**WHAT YOU HAVE TO DO**: Where an image occurs, skip it and print the rest of the records verbatim.

**RECORDS SUPPLIED**:
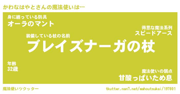 | ファンタジー風あだ名 | 『カワフェル』『ファントムカワス』 |
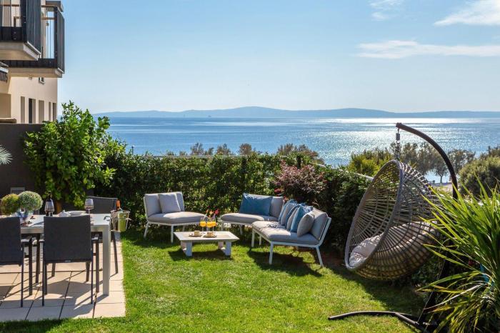 New LUXURY apartment with sea view and PRIVATE heated pool, 50m from the beach
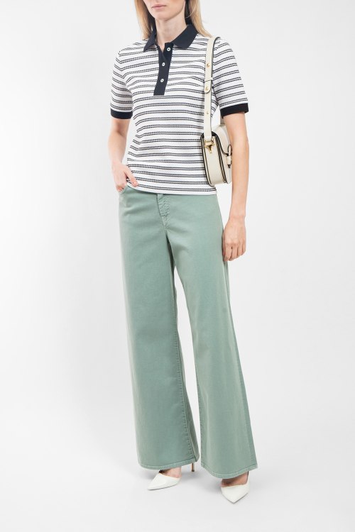 Женский белый джемпер-поло из хлопка и вискозы Wendy от Bogner (Богнер). Дизайн в полоску, отложной воротник, застежка на три пуговицы, короткий рукав, классическая длина.
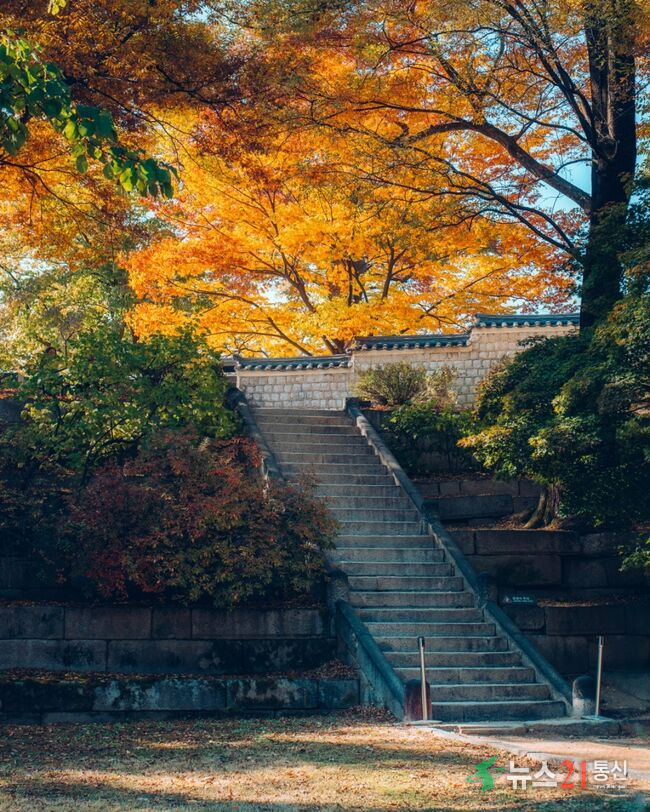 계단 끝부분에 노랗게 물든 단풍나무가 사람의 시선이 계단 선을 따라 자연스럽게 단풍나무로 향하도록 유도한다.
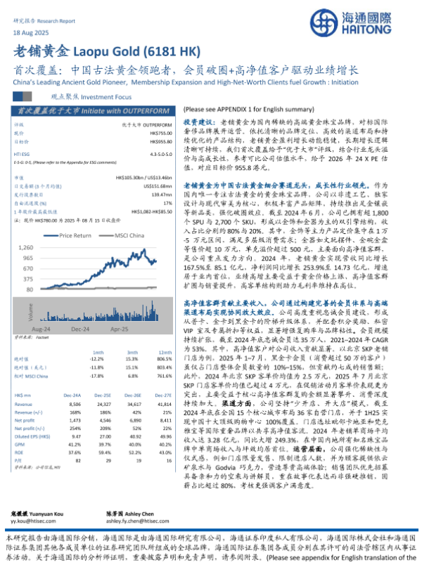 【海通国际】【202508】首次覆盖:中国古法黄金领跑者,会员破圈+高净值客户驱动业绩增长-43页 证券期货研究报告
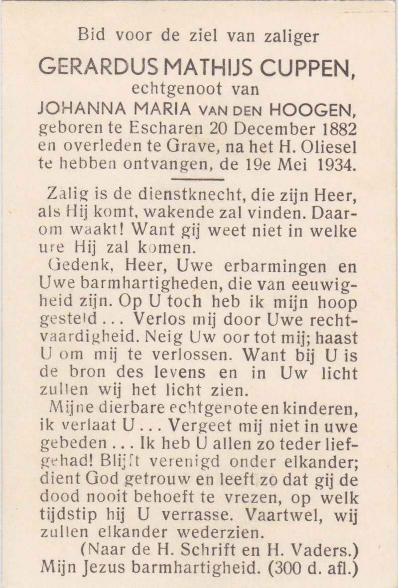 20-12-1882 19-5-1934 Cuppen, Gerardus Doopnamen: Gerardus Achternaam: Cuppen Geboren: 20-12-1882, Escharen Overleden: 19-5-1934, Grave Leeftijd: 51 Partner van: Johanna M. van den Hoogen Archiefnummer: 4.11.1
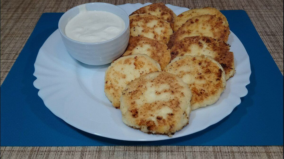 Разогрейте сковородку с маслом и формируйте сырники ложкой, выкладывая их внутрь. Обжаривайте с обеих сторон по паре-тройке минут, пока они не подрумянятся.
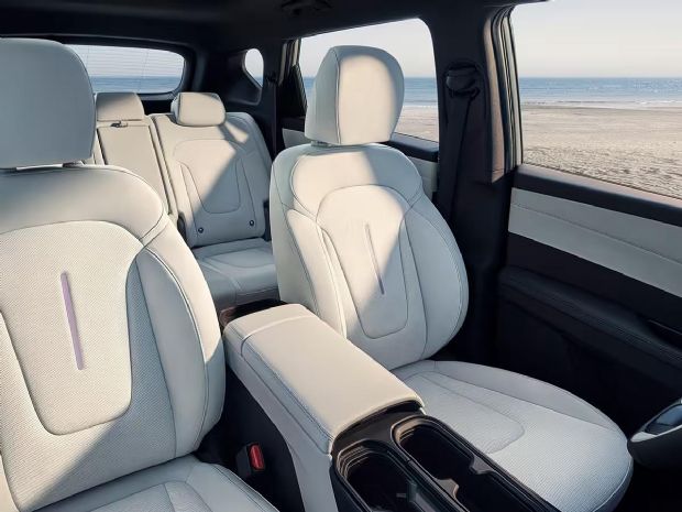 内饰座舱主打科技与舒适双重体验。27英寸4K双联屏(中控屏+副驾娱乐屏)搭配高通8295芯片,操作流畅度与功能丰富度拉满;怀挡设计释放出充裕的中央岛台空间,内置手机无线充电功能实用性十足。

**SOLUTION FOR THIS TASK**:
 | ファンタジー風あだ名 | 『カワフェル』『ファントムカワス』 |
 New LUXURY apartment with sea view and PRIVATE heated pool, 50m from the beach
 Женский белый джемпер-поло из хлопка и вискозы Wendy от Bogner (Богнер). Дизайн в полоску, отложной воротник, застежка на три пуговицы, короткий рукав, классическая длина.
 계단 끝부분에 노랗게 물든 단풍나무가 사람의 시선이 계단 선을 따라 자연스럽게 단풍나무로 향하도록 유도한다.
 【海通国际】【202508】首次覆盖:中国古法黄金领跑者,会员破圈+高净值客户驱动业绩增长-43页 证券期货研究报告
 20-12-1882 19-5-1934 Cuppen, Gerardus Doopnamen: Gerardus Achternaam: Cuppen Geboren: 20-12-1882, Escharen Overleden: 19-5-1934, Grave Leeftijd: 51 Partner van: Johanna M. van den Hoogen Archiefnummer: 4.11.1
 Разогрейте сковородку с маслом и формируйте сырники ложкой, выкладывая их внутрь. Обжаривайте с обеих сторон по паре-тройке минут, пока они не подрумянятся.
 内饰座舱主打科技与舒适双重体验。27英寸4K双联屏(中控屏+副驾娱乐屏)搭配高通8295芯片,操作流畅度与功能丰富度拉满;怀挡设计释放出充裕的中央岛台空间,内置手机无线充电功能实用性十足。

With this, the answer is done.